Quando giovanotto ebbi la fortuna d’essere condotto in quello che era l’Everest del mondo che esploravo, a Berkeley, la prima cosa cosa che mi colpì appena entrato nel più tecnologico laboratorio che avessi mai visto, fu un leggio di legno che troneggiava in mezzo a tutti quegli apparecchi, con sopra un quadernone aperto e tutto scritto con diverse calligrafie. Quello era il diario dove tutti i membri del gruppo di ricerca annotavano gli accadimenti quotidiani.

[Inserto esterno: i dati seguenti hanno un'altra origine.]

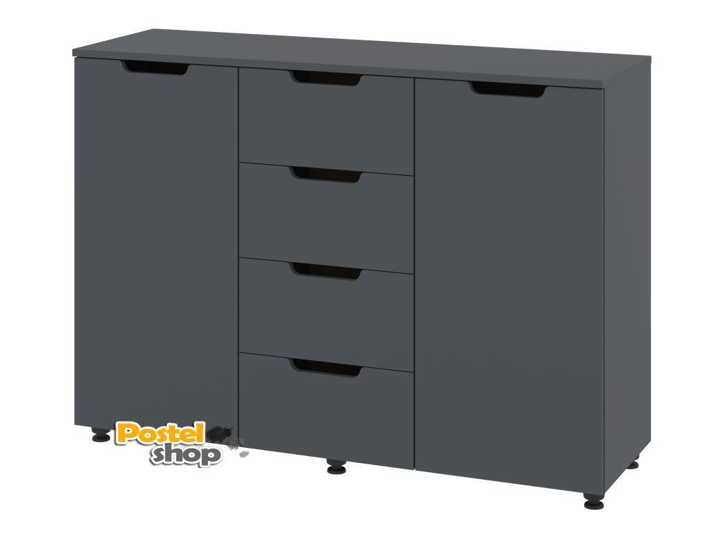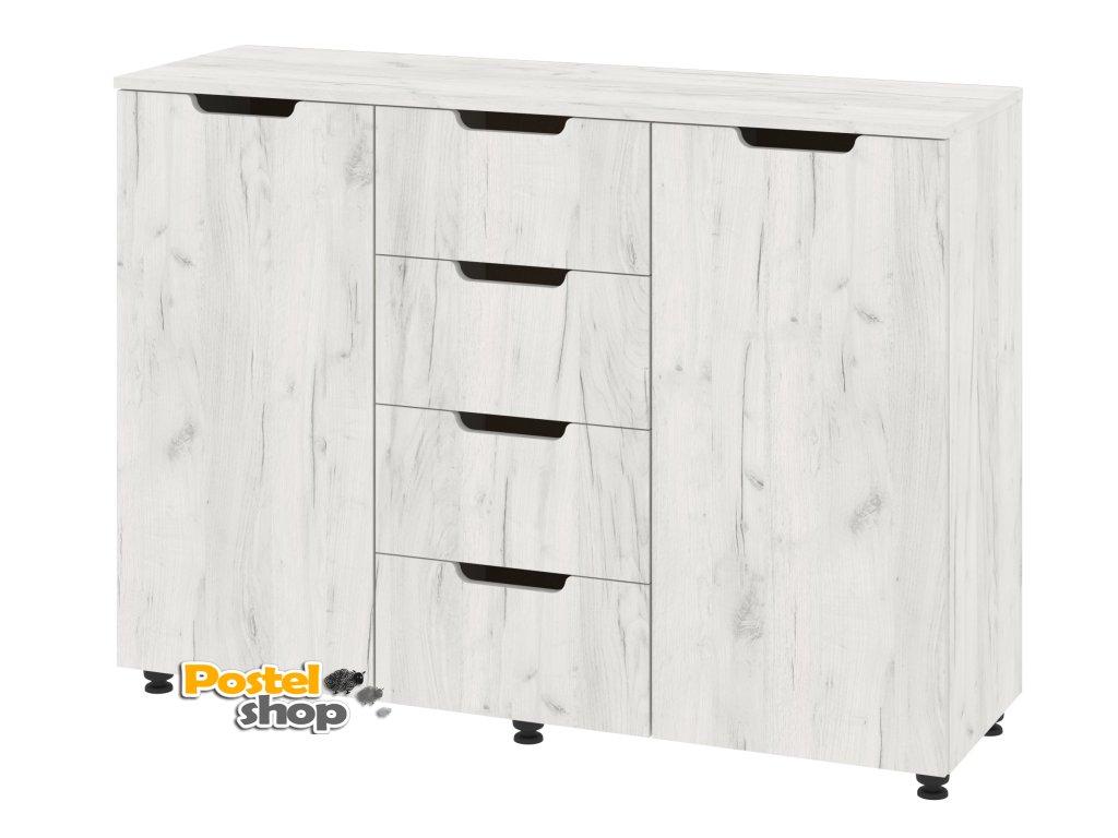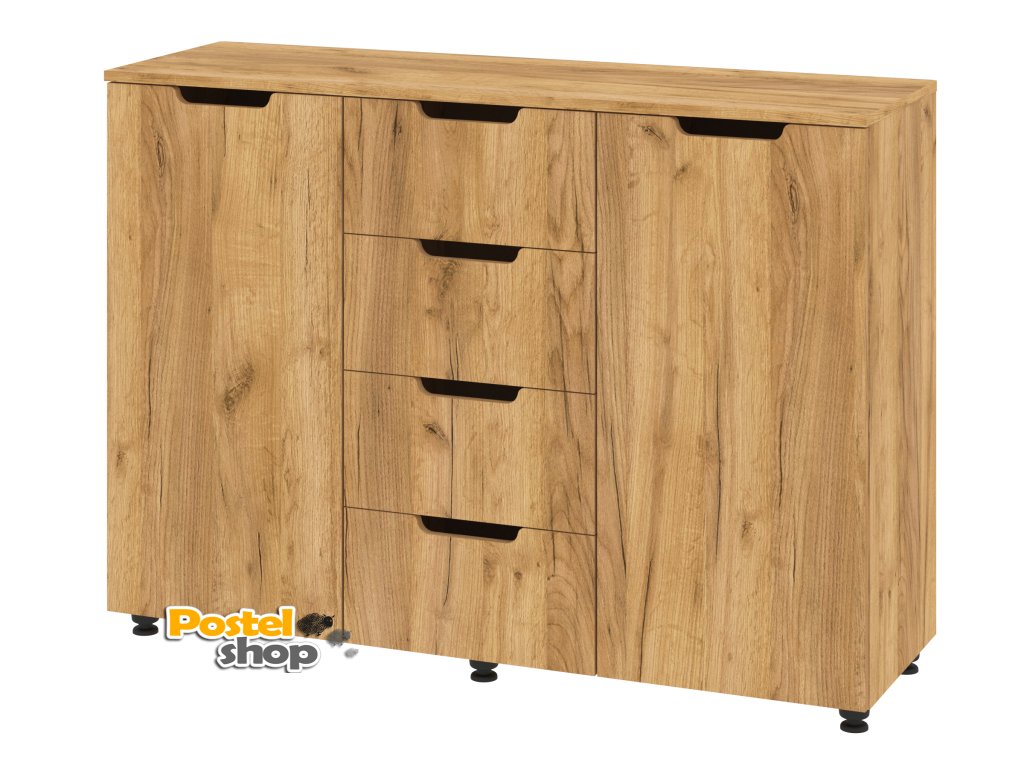 Komoda K-4+2 EKO je moderní a funkční nábytek, který kombinuje čtyři prostorné zásuvky a dvě dvířka po stranách pro maximální úložný prostor. Díky tomuto designu nabízí komoda dostatek místa pro různé předměty, od oblečení až po domácí dekorace, a to jak v zásuvkách, tak za dvířky. Je vyrobena z kvalitního lamina, což zaručuje její dlouhou životnost a snadnou údržbu. K dispozici je v několika barevných provedeních, takže si ji snadno přizpůsobíte do vašeho interiéru.

Ecco, la parola blog viene subito associata a quella di un diario intimo, forse a causa di tanta stampa che semplifica un po’ troppo, o segue un po’ troppo supinamente i gusti che rendono di più. Anche quello che trovai in quel laboratorio di Berkeley era un diario, ma serviva a tracciare il percorso del gruppo e contribuiva a rinforzare il senso di un’identità e di un obiettivo comune.

Orbene, anche questa comunità virtuale, per ora bisognosa di molte cure perché appena nata, si può giovare di un pratica così semplice. Rinnovo quindi l’invito a scrivere un post, ciascuno sul proprio blog, con una piccola cronaca degli sforzi fatti fino ad ora. Scriveteci esattamente le cose che vi sareste detti oggi pomeriggio se vi foste trovati tutti insieme a prendere un te insieme e l’argomento fosse caduto su questo nuovo (per)corso che avete iniziato insieme. Claude ci ha già dato l’esempio.


P.S. Ho aggiornato il file opml con il blog ultimo arrivato, di Rosaria.

Come seguire le fonti in internet – un aiuto in più – #linf12

Simbolo feed
Simbolo feed

Per dare una mano a chi si trova in difficoltà cercando di includere i feed relativi ai blog di tutti i partecipanti nel servizio Google Reader, aggiungo un video che mostra esattamente questa operazione.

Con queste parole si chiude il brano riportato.